The School is proud of its many traditions spanning several generations. Current Hill students honor the young men and women who came before them by maintaining School customs and building upon the past as original ideas evolve into time-honored traditions.

The Hill School has two official songs: “A Thousand Hands,” the school song, and “Dear Old Hill,” the school fight song. Written by W.R. Bowie, Hill Class of 1900, “A Thousand Hands” typically is sung during formal events, such as Convocation and Baccalaureate, while students mostly sing “Dear Old Hill” during The Hill vs. Lawrenceville Week leading up to the athletics contests against Hill’s primary rival, The Lawrenceville School.

Athletics

Interscholastic sports at The Hill School date to the 1880s, when the School fielded competitive football, baseball, and track and field teams. The School’s teams are known as the Blues, with a ram serving as the official mascot.

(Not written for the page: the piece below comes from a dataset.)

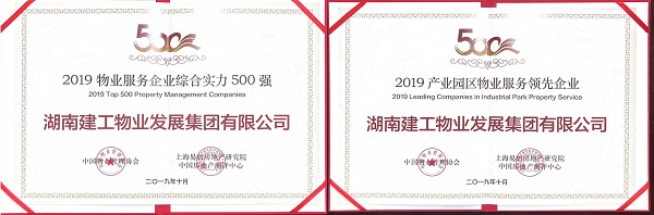 2019年10月15日,由中国物业管理协会主办的2019年国际物业管理产业博览会暨第五届中国物业管理创新发展论坛正式公布《2019物业服务企业发展指数测评报告》,揭晓了“2019 物业服务企业综合实力 500 强”榜单及“各细分业态物业服务领先企业榜”。集团荣登2019物业服务企业综合实力500强榜单第110名,并荣获“2019年产业园区领先企业”荣誉称号,集团下属子公司兴发物业荣登2019物业服务企业综合实力500强榜单第123名。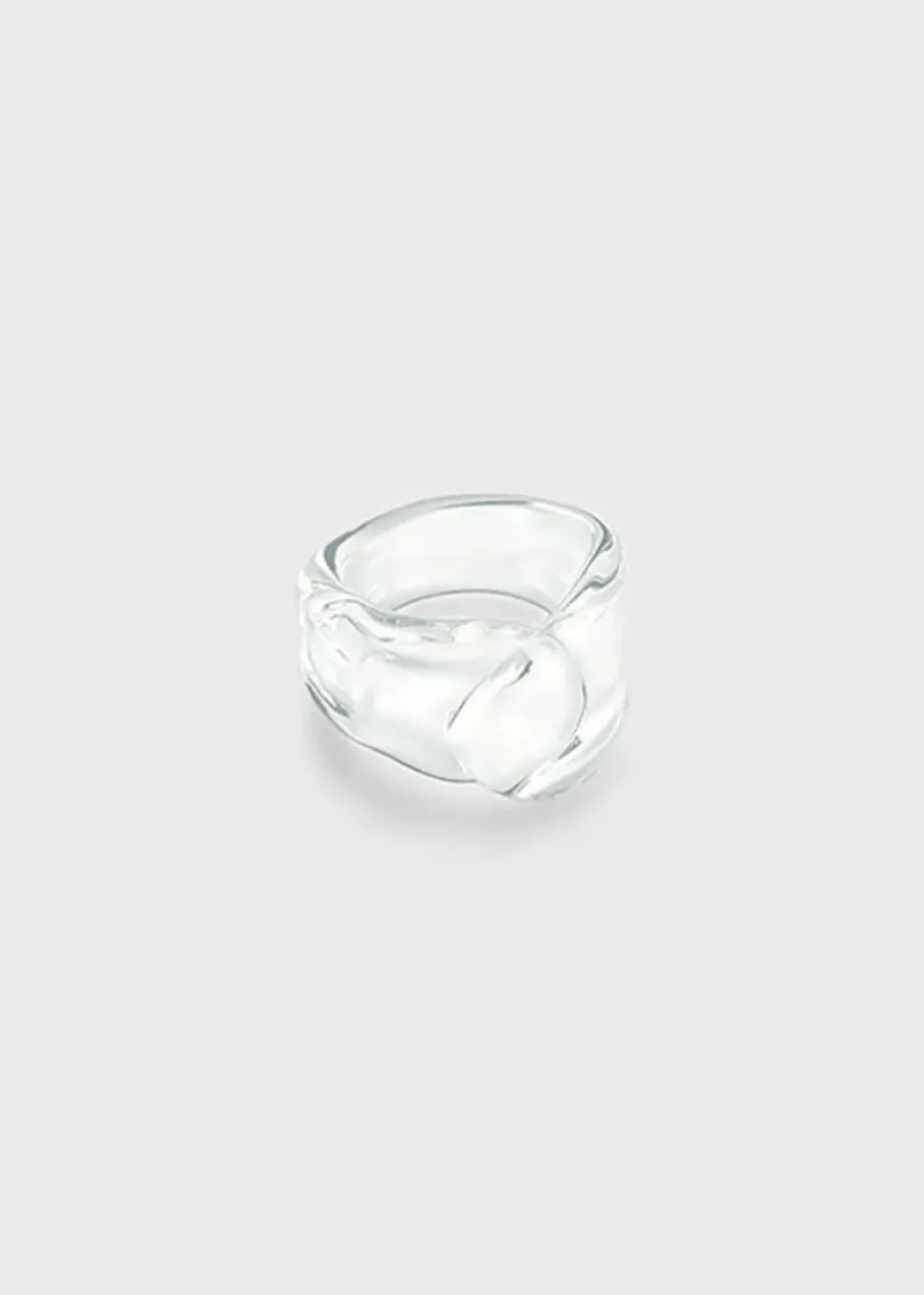 Hand shaped folded borosilicate glass ring by Scandinavian designer and artist Annika Inez.

The Hill is a member of the Mid-Atlantic Prep League (MAPL),[5] which the School joined in 1998. The MAPL also includes Blair Academy (Blairstown, NJ); The Hun School of Princeton (Princeton, NJ); The Lawrenceville School (Lawrenceville, NJ); Mercersburg Academy (Mercersburg, Pa.); and The Peddie School (Hightstown, NJ). The Hill was a charter member of the Pennsylvania Independent Schools Athletic Association (PAISAA),[6] which became an officially sanctioned organization in 2011. All Pennsylvania Independent Schools are invited to join the PAISAA. In 2014, The Hill received associate membership in the New England Preparatory School Athletic Council (NEPSAC).

The Hill’s rivalry with Lawrenceville dates back to 1887 and is the fifth-oldest high school rivalry in the United States.[7] Originally an annual football game, the schools now compete against each other in all of the Fall sports on either the first or second weekend in November. In the week leading up to the games, The Hill holds a Lawrenceville Week that includes theme dress days; the “passing of the brooms” amongst fall varsity captains to signify the hoped-for “sweep” of Lawrenceville; students banging spoons on Dining Room tables prior to singing “Dear Old Hill” before seated lunches; the Red Meat Dinner, the only Friday seated dinner of the year and symbolically tied to the color red, Lawrenceville’s primary color; and a pep rally and bonfire. From 2004 through 2009, The Hill and Lawrenceville boys’ soccer teams concluded biannual seasons by forming a joint “Hillville” team that traveled to England for three matches against English boarding schools.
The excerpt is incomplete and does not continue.